Demystifying software estimation

22.05.2006
"Go with your gut, then multiply by three." So goes the conventional wisdom about estimating the cost of software development, a critical business task that very few companies do well, according to Steve McConnell, author of Software Estimation: Demystifying the Black Art (Microsoft Press, 2006).

But it doesn't have to be that way. Generating accurate software estimates is a straightforward exercise, once you understand what goes into creating them, says McConnell, who is lead software engineer at Construx Software Builders Inc., a software development, training and consulting company in Bellevue, Wash. He spoke with Computerworld's Julia King about some common software-estimation mistakes and how to generate estimates based in reality.

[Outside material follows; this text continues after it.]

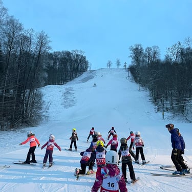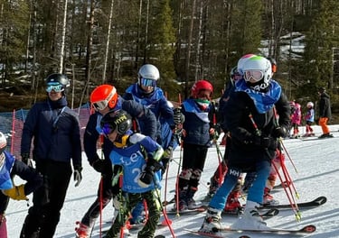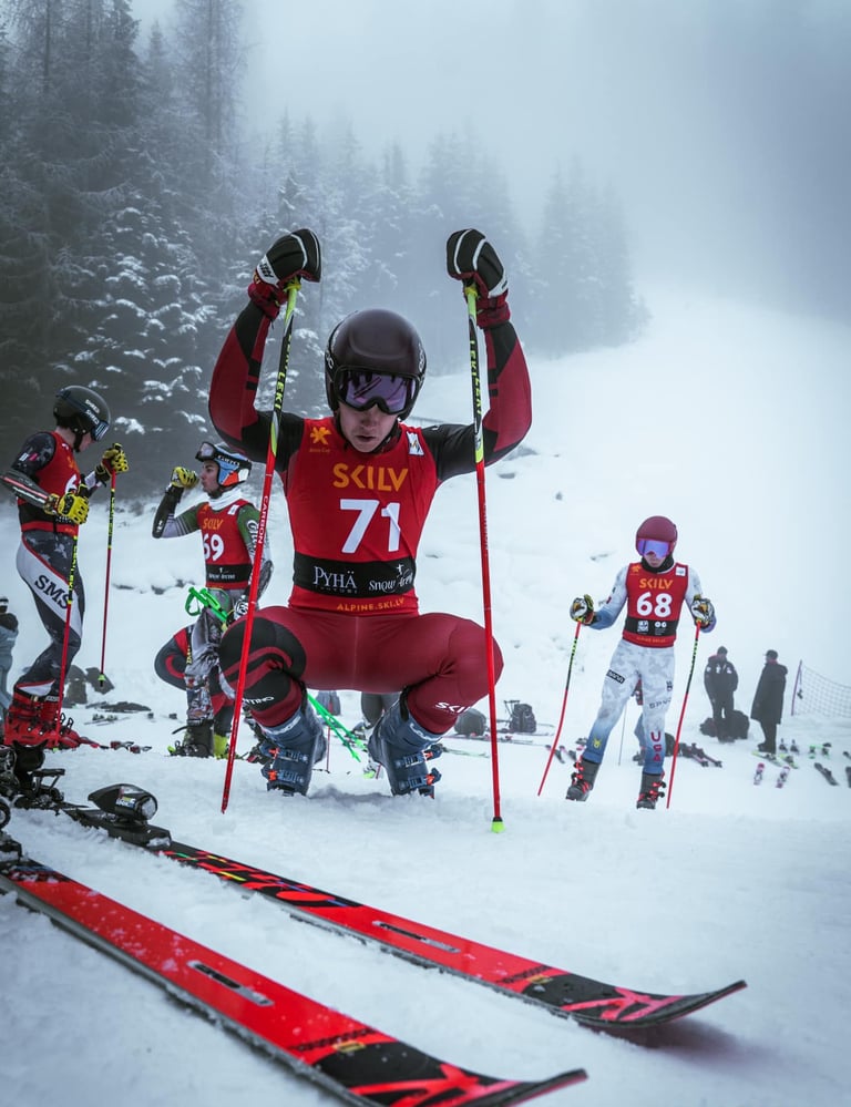 Ziemā fokusējamies uz kalnu slēpošanu – treniņi uz kalna, sacensības un tehnikas pilnveide.

In your book you talk about estimates and targets. What's the difference between the two? An estimate is an analytical assessment of how much a project will cost or how long it will take to be delivered. A target is an expression of a desirable outcome: "Ready in time for a trade show or the holiday sales season." A target doesn't have to be grounded in what's possible. It can be wishful thinking.

But a target -- rather than, say, a cost cap -- is often what upper management sets as the project goal. Then, later, there's a lot of grumbling about high costs. How can IT head this off from the outset? The way to find out what management really values is to ask them. Ask them whether they want to take on more risk to meet a target or to reduce risk but possibly not meet a target. When upper management gets asked that kind of question by technical staff, they really eat it up. They're so happy to have the technical side expressing interest in the business as a business. Almost always, management will say they value predictability. If management has to choose between high costs with high predictability and lower costs with higher unpredictability, they want the predictability.

What's the best way to build that predictability into cost estimates? Using organizational data to build estimates can be pretty accurate, because it takes into account factors such as other [workplace] distractions [that reduce the amount of time a developer devotes to the project at hand] and how good the organization is at developing stable project requirements.

But the better way is to use project-specific data that includes data about individuals who worked together on projects before. When you deal with project data, you know the productivity characteristics of the people on a project, so it tends to be more accurate.